А пока плыли, я вспоминал прошлогодний разговор с мистером Ларком, начальником полиции в городке Даполи, неподалеку от нашей деревни. Тем самым Ларком, жаворонком, у которого папа – Ленин, сын горшечника, а адъютант – Шива. Я говорю ему: как же так, Индия почти со всех сторон омываема океаном, а никакого водного сообщения. Ладно, что за все эти тысячелетия вы океана не замечали – ни кораблей, ни путешествий, ну… за исключением нескольких эпизодов. Но и в двадцатом-то веке, не говоря о нынешнем – та же тишь. Весь мир в круизах, яхтах, а у вас хоть годами вглядывайся в горизонт – девственен. Помимо прочего, говорю, это ж какой туристический бум у вас был бы – с маршрутами вдоль берегов. В Харнай я говорил с рыбаками, взять бы корабль, немного благоустроить, и отбою желающим не было б, даже из круга моих друзей. Спать на палубе под
Ехали мы в Муруд, где на крохотном острове еще полсотни лет назад была последняя независимая мини-держава в Индии – форт Джанджира, около четырехсот лет назад объединивший сидди, выходцев из Абиссинии. Этих красивых статных африканцев когда-то держали при королевских дворах, но со временем и особенно с середины двадцатого века народ этот начал выветриваться, остатки его разбрелись по Индии, цыганя, музицируя, развлекая на свадьбах, осталось их вроде около четырех тысяч. В прошлом году мы уже были там, в Муруде. Жили в тихом домике, дважды на дню волнообразно подтягивающем к себе голубую простынку моря и сдвигающем ее вдаль в часы отлива. По пустынному берегу в окне бродила белая лошадь в красно-рыжих пятнах, как древняя карта другого мира. Мы отправлялись на остров на ветхой фелюге с рваным парусом и теряли друг друга из виду там в высокой траве среди руин домов, храмов, ржавых пушек, каменных лабиринтов, колодцев и затянутых зеленой патиной прудов.
На этот раз мы не собирались там останавливаться, а только встретиться с нашим приятелем Дипаком, который приедет за нами на машине, и отправимся с ним по джунглевым дорогам искать древние храмовые пещеры, которые я случайно высмотрел на гугл-карте и о которых, похоже, почти нет сведений.
Дипак – лучезарный двадцатилетний парень, сын лесника, нашел нас в лесничестве деревушки Бор, где мы жили тогда, и предложил повозить по горной округе. Уж не помню, человек десять, наверно, в машине, и все, кроме нас и водителя, сидели друг у друга на руках, и фигурка короля Шиваджи Махараджи покачивалась у лобового стекла.
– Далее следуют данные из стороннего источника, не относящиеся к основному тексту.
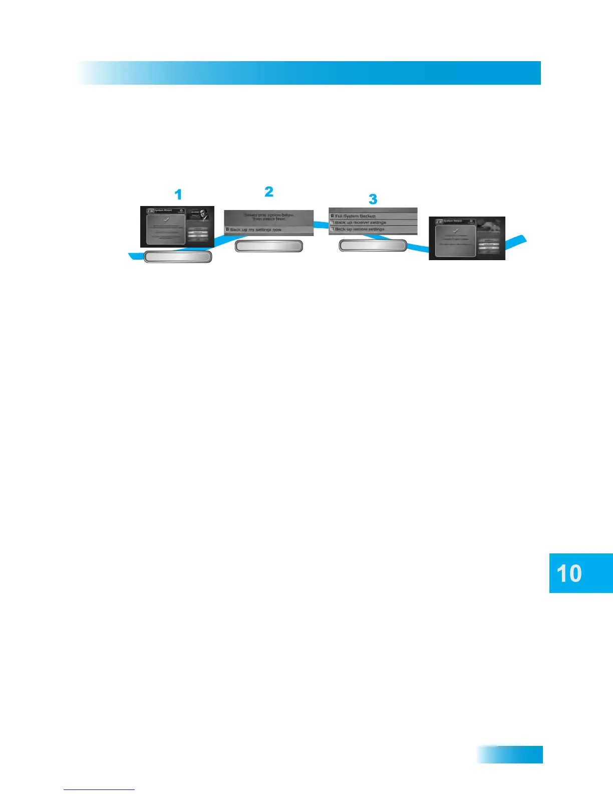 3 Select Full System Backup, Back up receiver settings, or Back up remote settings.

Как странно с этим именем: Бор – тигриный заповедник, где нас поселил в своем домике Сурия, с этого и начиналось наше путешествие, а потом с запиской от Сурии мы весь месяц перемещались по штату, другим заповедникам, пока не оказались снова в Боре, но другом, с плюс одной, но непроизносимой в своем имени буквой. И поселились в лесничестве, а спустя несколько дней был праздник, толпы людей на улицах, шатры на площади, театр, музыка, дети, играющие эпос. Нас с Таей вызвали на сцену, что-то я там говорил – пламенное и нежное. И еще, и еще, уже под телекамеры и с костюмированными детьми на руках: она с Кали, я с Шивой, она с Кришной, я с Радхой…
А потом мы как-то потерялись в толпе, а когда, уже к вечеру, столкнулись… Как это в фильмах показывают – в замедленной съемке и без звука рушащиеся дома, оседающие внутрь себя. Наверно, какой-то был повод, кто ж это вспомнит. Но дело не в нем, а в той невольно оголившейся жизни, ее ладони, протянутой навстречу. Ее ко мне, моей к ней. И вывихнутой мимоходом.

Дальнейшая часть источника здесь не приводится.